Son dönemde yapılan çarpıcı bir araştırma, bebeklerin cinsiyetinin tamamen şansa bağlı olmadığına dair önemli bulgular ortaya koydu. Uzun yıllardır toplumda kabul gören "yazı tura" benzetmesiyle açıklanan cinsiyet belirleme anlayışı, yeni veriler ışığında ciddi şekilde sorgulanmaya başlandı. Araştırmaya göre, ailelerin bebeklerinin cinsiyetinde gizli bir eğilim bulunuyor ve kız ya da erkek bebek sahibi olma ihtimali kesinlikle %50-%50'lik rastgele bir dağılıma dayanmıyor. Bu sonuçlar, hem bilim dünyasında hem de toplumda bebek cinsiyetine dair algıyı değiştirecek nitelikte.
Aileler, yeni doğacak bebeklerinin erkek mi yoksa kız mı olacağını her zaman büyük bir heyecan ve merakla bekler. Bu süreçte cinsiyet belirleme yöntemleri de her geçen gün daha fazla ilgi görüyor. Ancak bilimsel veriler, bu konuda ezber bozan bir gerçeği gözler önüne seriyor: Bebeklerin cinsiyeti sanıldığı gibi tamamen şansa bağlı değil!
Yeni bir araştırma, ailelerin çocuklarının cinsiyetine dair kendine özgü bir eğilim taşıyabileceğini ortaya koydu. Yani, erkek mi kız mı sorusunun cevabı her zaman yazı tura gibi %50-%50 ihtimalle belirlenmiyor. Bazı ailelerde, geçmiş doğumlara bakıldığında, belirli bir cinsiyetin daha sık görüldüğü ve bu durumun istatistiksel olarak anlam taşıdığı görülüyor.

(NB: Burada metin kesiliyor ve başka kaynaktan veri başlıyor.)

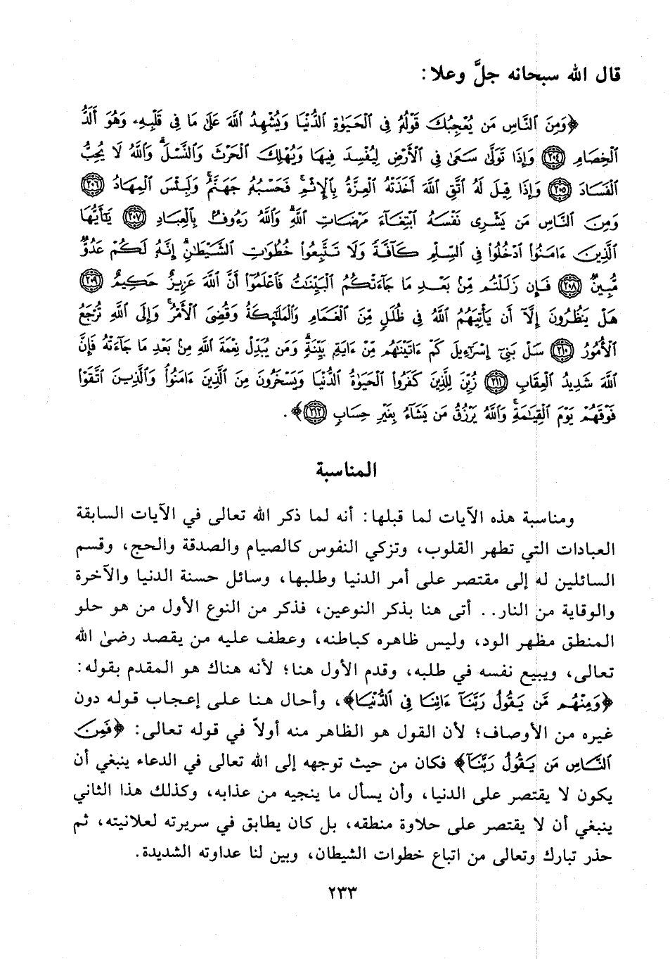 {وَمِنَ النَّاسِ مَنْ يُعْجِبُكَ قَوْلُهُ فِي الْحَيَاةِ الدُّنْيَا وَيُشْهِدُ اللَّهَ عَلَى مَا فِي قَلْبِهِ وَهُوَ أَلَدُّ الْخِصَامِ (204) وَإِذَا تَوَلَّى سَعَى فِي الْأَرْضِ لِيُفْسِدَ فِيهَا وَيُهْلِكَ الْحَرْثَ وَالنَّسْلَ وَاللَّهُ لَا يُحِبُّ الْفَسَادَ (205) وَإِذَا قِيلَ لَهُ اتَّقِ اللَّهَ أَخَذَتْهُ الْعِزَّةُ بِالْإِثْمِ فَحَسْبُهُ جَهَنَّمُ وَلَبِئْسَ الْمِهَادُ (206) وَمِنَ النَّاسِ مَنْ يَشْرِي نَفْسَهُ ابْتِغَاءَ مَرْضَاتِ اللَّهِ وَاللَّهُ رَءُوفٌ بِالْعِبَادِ (207) يَا أَيُّهَا الَّذِينَ آمَنُوا ادْخُلُوا فِي السِّلْمِ كَافَّةً وَلَا تَتَّبِعُوا خُطُوَاتِ الشَّيْطَانِ إِنَّهُ لَكُمْ عَدُوٌّ مُبِينٌ (208) فَإِنْ زَلَلْتُمْ مِنْ بَعْدِ مَا جَاءَتْكُمُ الْبَيِّنَاتُ فَاعْلَمُوا أَنَّ اللَّهَ عَزِيزٌ حَكِيمٌ (209) هَلْ يَنْظُرُونَ إِلَّا أَنْ يَأْتِيَهُمُ اللَّهُ فِي ظُلَلٍ مِنَ الْغَمَامِ وَالْمَلَائِكَةُ وَقُضِيَ الْأَمْرُ وَإِلَى اللَّهِ تُرْجَعُ الْأُمُورُ (210) سَلْ بَنِي إِسْرَائِيلَ كَمْ آتَيْنَاهُمْ مِنْ آيَةٍ بَيِّنَةٍ وَمَنْ يُبَدِّلْ نِعْمَةَ اللَّهِ مِنْ بَعْدِ مَا جَاءَتْهُ فَإِنَّ اللَّهَ شَدِيدُ الْعِقَابِ (211) زُيِّنَ لِلَّذِينَ كَفَرُوا الْحَيَاةُ الدُّنْيَا وَيَسْخَرُونَ مِنَ الَّذِينَ آمَنُوا وَالَّذِينَ اتَّقَوْا فَوْقَهُمْ يَوْمَ الْقِيَامَةِ وَاللَّهُ يَرْزُقُ مَنْ يَشَاءُ بِغَيْرِ حِسَابٍ (212)}.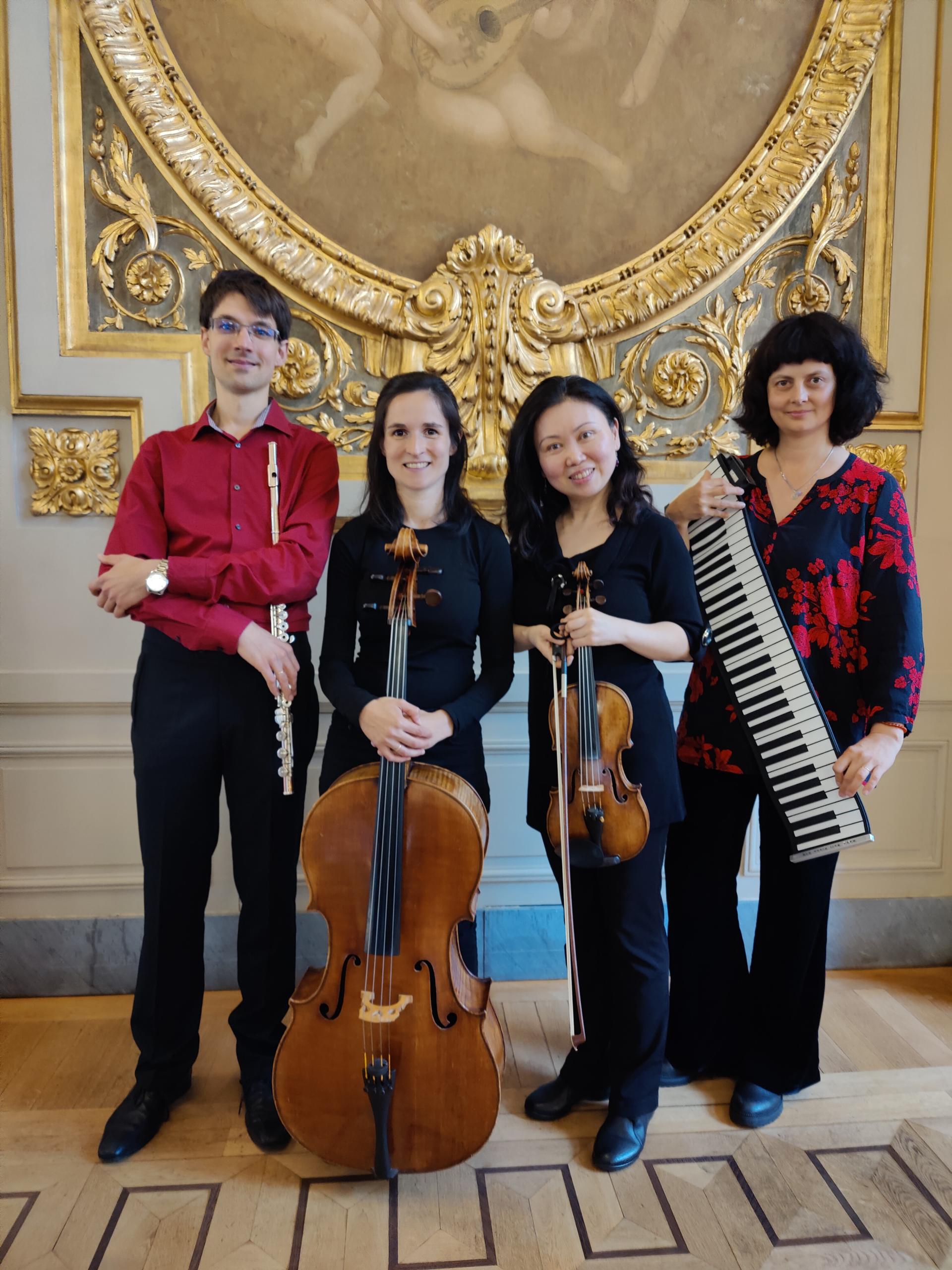 Avec Xin Guérinet (violoniste de l'ONL), Ana Giurgiu (pianiste), Morgane de Lafforest (violoncelliste de l'ONL) et Máté Bán (flûtiste, lauréat des concours internationaux)

Yeni araştırmalar, bebeklerin cinsiyetinin sadece şansa bağlı olmadığını net biçimde ortaya koyuyor. Özellikle üç ya da daha fazla çocuğa sahip ailelerde dikkat çeken bir örüntü tespit edildi: Aynı cinsiyetten çocuk sahibi olma eğilimi güçleniyor.
Araştırmacılara göre, üç kız çocuğu bulunan bir annenin dördüncü bebeğinin de kız olma ihtimali %58'e kadar çıkıyor. Üç erkek çocuğu olan ailelerde ise bu oran daha da yüksek: Dördüncü bebeğin erkek olma olasılığı %61 olarak ölçüldü.
Bu bulgular, ailelerin doğacak çocuklarının cinsiyetinde kalıtsal ya da biyolojik bir eğilim olabileceğine işaret ediyor. Yani bir ailenin çocuklarının cinsiyeti rastgele değil; geçmiş doğumlar, gelecekteki olasılığı doğrudan etkileyebiliyor.
Araştırmacılar, bebeklerin cinsiyetinde görülen bu eğilimin arkasında annenin yaşı ve genetik özelliklerin önemli bir rol oynadığını belirtiyor. Özellikle 28 yaş ve üzerindeki kadınların, aynı cinsiyetten çocuk sahibi olma ihtimalinde hafif ama anlamlı bir artış tespit edildi. Bunun yanı sıra, sadece kız ya da sadece erkek çocuk sahibi olma olasılığını artırabilecek bazı genetik faktörlerin de varlığı ortaya kondu. Bu bulgular, bebek cinsiyetinin tamamen rastgele olmadığını ve biyolojik etkenlerin önemli katkılar sağladığını gösteriyor.
Harvard Üniversitesi'nde Beslenme ve Epidemiyoloji Profesörü ve çalışmanın başyazarı Jorge Chavarro, Washington Post'a yaptığı açıklamada, "Bu genlerin doğumda cinsiyetle nasıl bir bağlantısı olduğunu henüz tam olarak anlayabilmiş değiliz, ancak arada kesin bir ilişki olduğunu gördük. Bu durum, pek çok yeni araştırma sorusunu beraberinde getiriyor" ifadelerini kullandı.
Öte yandan, araştırmanın bazı kısıtlamaları bulunuyor; özellikle babaların etkisine dair herhangi bir veri çalışmada yer almıyor. Bu da gelecekte yapılacak çalışmalarda babaların rolünün de araştırılması gerektiğini gösteriyor.